Even though I was in a formal role as the facilitator of the network, I would sometimes share with everyone that I, too, was struggling with addressing my son’s challenging behaviors during the day. Being a part of ECHO, and meeting with other caregivers, also helped me to feel less isolated and frustrated.

Q. With the Delta variant wreaking havoc and the pandemic continuing to wear on, what would be your advice to caregivers of children with global developmental delays who are facing barriers in service access, or might in the future?

Nevill: One thing we learned through our ECHO is that caregivers need to be empowered, particularly those of young children who are newly identified with a global developmental delay – they know their child best and they know what their family’s priorities need to be. As such, families are their child’s best advocates for the right services, supports and goals. As families face the potential of losing services again, or experiencing a change or reduction in services due to the ongoing pandemic, honing in on the supports that target your biggest priorities for your child is crucial – whether that be their safety, communication goals or managing anxiety associated with major changes like masking mandates or hybrid/virtual school.

Secondly, something positive that has come out of the pandemic is that many families and professionals have started to make a lot of really great resources available online or for free to help families cope during these prolonged shutdowns. Our team is working to make an easily accessible database of resources that includes online, free resources related to a wide range of topics. Although this database has an autism focus, many of the resources are also applicable for children (and adults) with broader global developmental delays.

Q. How do you hope to build off the work you’ve done? What’s the next step?
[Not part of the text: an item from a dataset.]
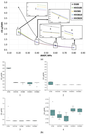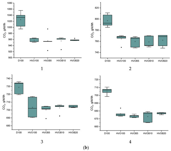 One of the key environmental indicators found during the research was carbon dioxide (CO2) content in the exhaust gas. Carbon dioxide is an environmental parameter emitted in complete combustion process when oxygen for a complete combustion process is enough. CO2 content can also increase with increasing content of carbon in fuel molecules [67]. The substitution of conventional diesel by HVO100 reduces CO2 emissions by 3.5–6.7% (Figure 14). The use of HVO and biobutanol fuel blends (with biobutanol concentration of 5–20%) did not result in any material changes in CO2 emissions; CO2 values of fuel blends were close to HVO100: 3.3–6.8%. The assessment of the obtained CO2 research results allows stating that biobutanol additive of up to 20% by volume in HVO does not have any significant impact on CO2 emissions.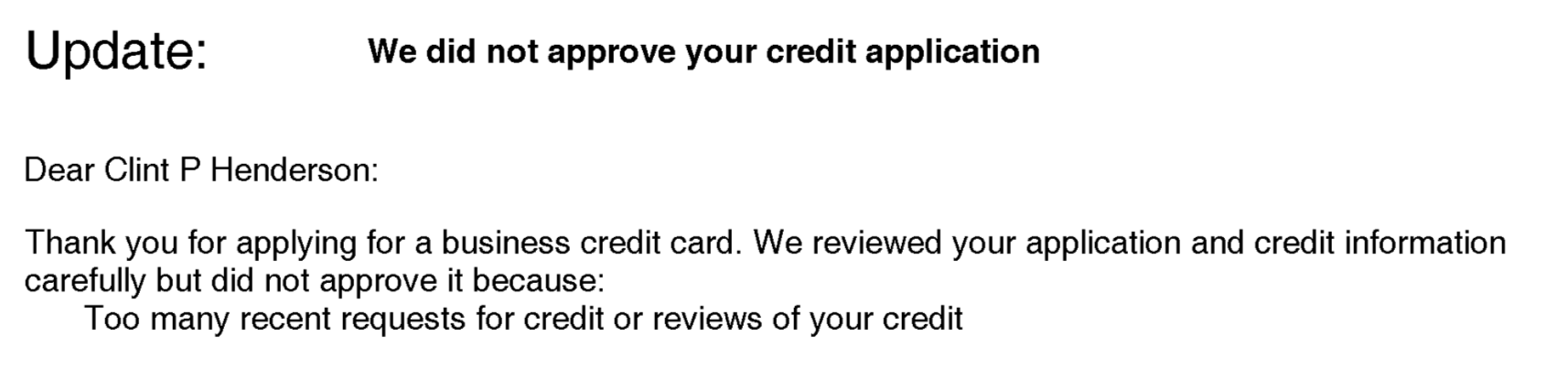 At this point, I wasn't really that worried, figuring I'd get approved for at least one or two of the cards. I wasn't prepared for what happened next.

Nevill: We’ve already presented some of our preliminary findings at international conferences and next plan to write these results up for publication, so that this model can be used with caregivers of children with global developmental delays more broadly. We are also exploring how to use the ECHO model to support people with autism and related global developmental delays in other contexts, such as inpatient psychiatric hospitals, community mental health clinics and early intervention settings.

Q. Is there anything else you’d like to add?

Lovette: The past 17 months of this pandemic have been incredibly difficult for all families – especially those with children identified with global developmental delays. We see you, caregivers, and we want you to know that you are definitely not alone.